● Data shown
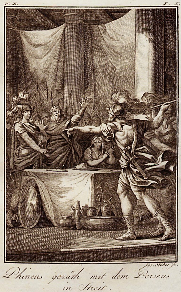 Pod rytinou německý text Phineus geräth mit dem Perseus in Streit, nad rytinou označení V. B. T. I.
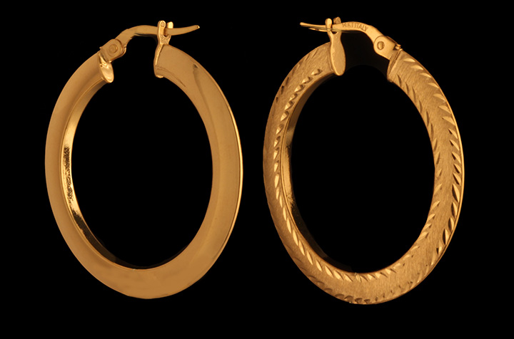 Satin and Polished Diamond Cut Hoop Earrings 14K Yellow Gold – Stock# 7910
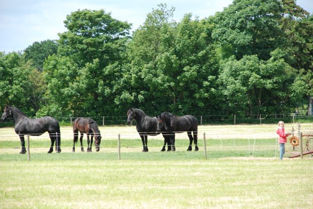 Zelda is direct naar de paarden gegaan, om ze te tekenen en te aaien. Zulke grote paarden als je haar er naast ziet staan. Het lijken wel Friese Paarden. Heel mooi in ieder geval en Zelda is er dus helemaal niet bang voor! Stoer.
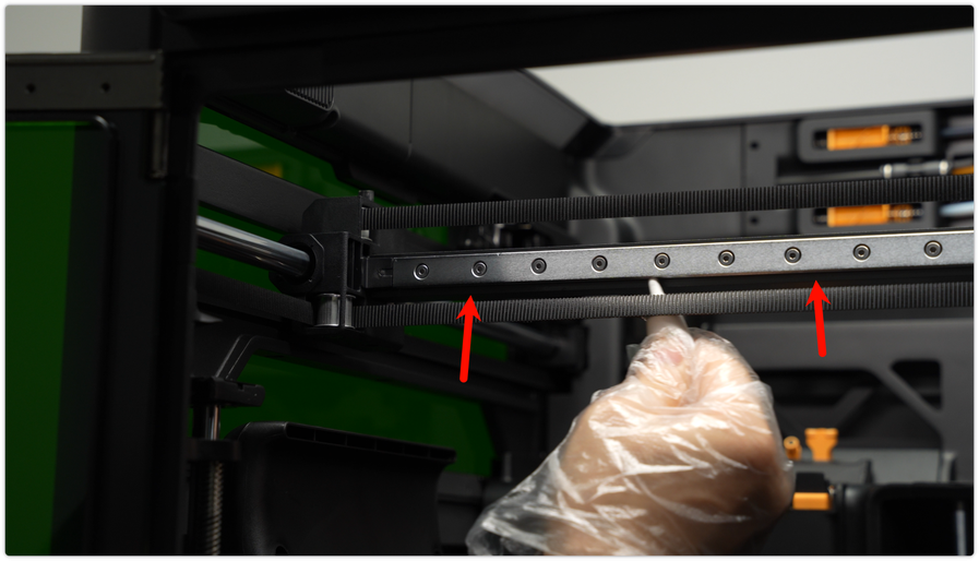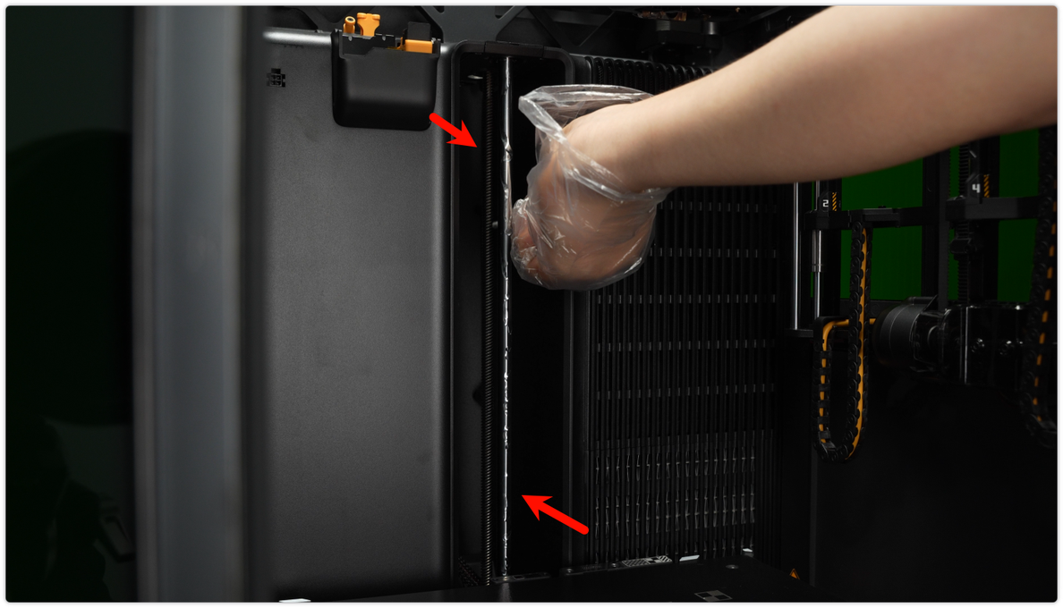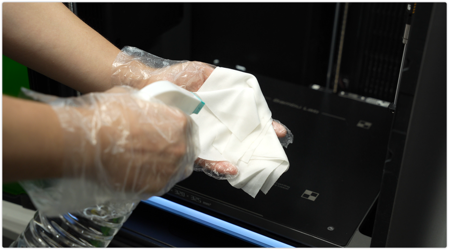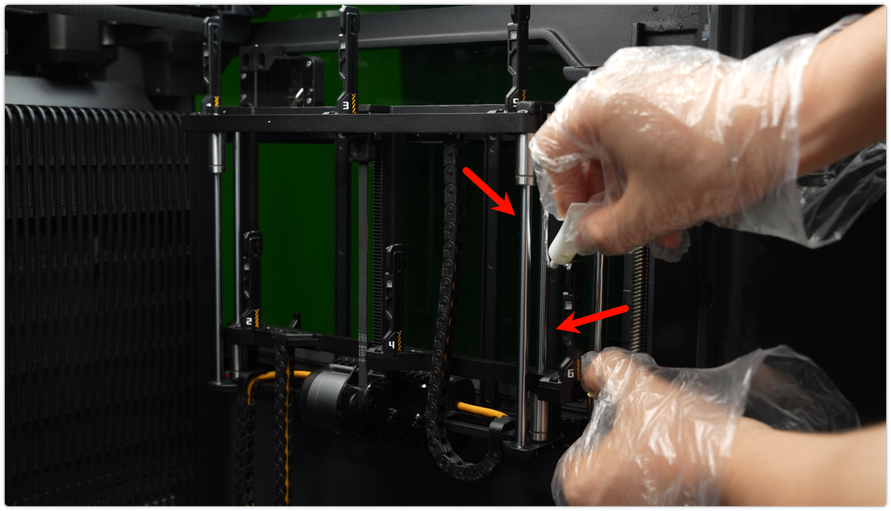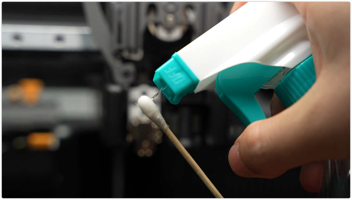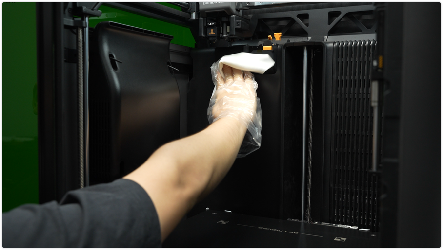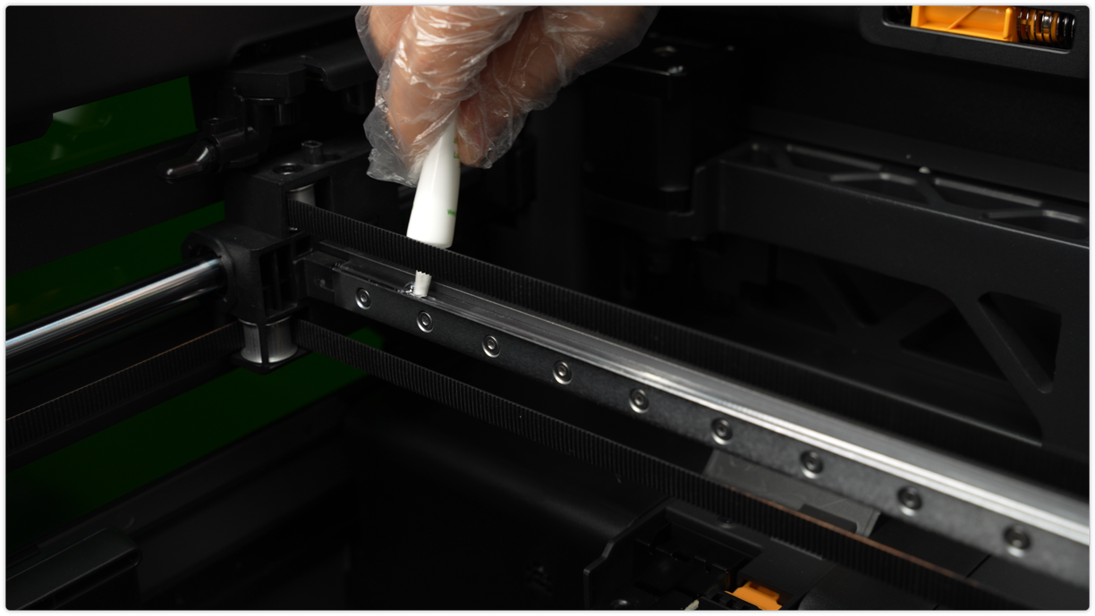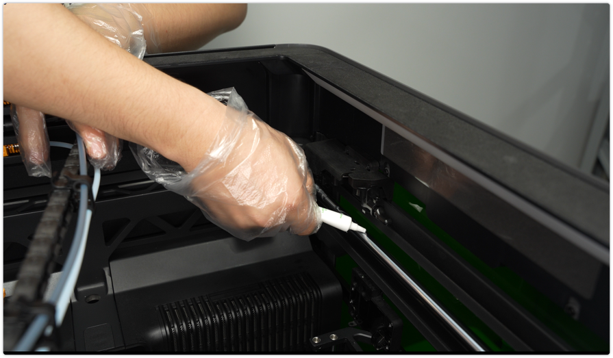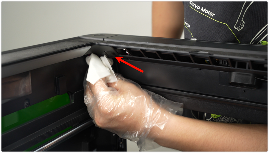 ใช้ผ้า non-woven ชุบแอลกอฮอล์เช็ดโครงเหล็กให้ทั่ว รวมถึงตัวยึดหัวฉีด และแท่งเหล็กลิเนียร์

● Work instruction
The lines from the one containing "Zelda is direct" to the end of the material must be output exactly, both ends included; no picture may appear.

● Reply to the task
 Zelda is direct naar de paarden gegaan, om ze te tekenen en te aaien. Zulke grote paarden als je haar er naast ziet staan. Het lijken wel Friese Paarden. Heel mooi in ieder geval en Zelda is er dus helemaal niet bang voor! Stoer.
 ใช้ผ้า non-woven ชุบแอลกอฮอล์เช็ดโครงเหล็กให้ทั่ว รวมถึงตัวยึดหัวฉีด และแท่งเหล็กลิเนียร์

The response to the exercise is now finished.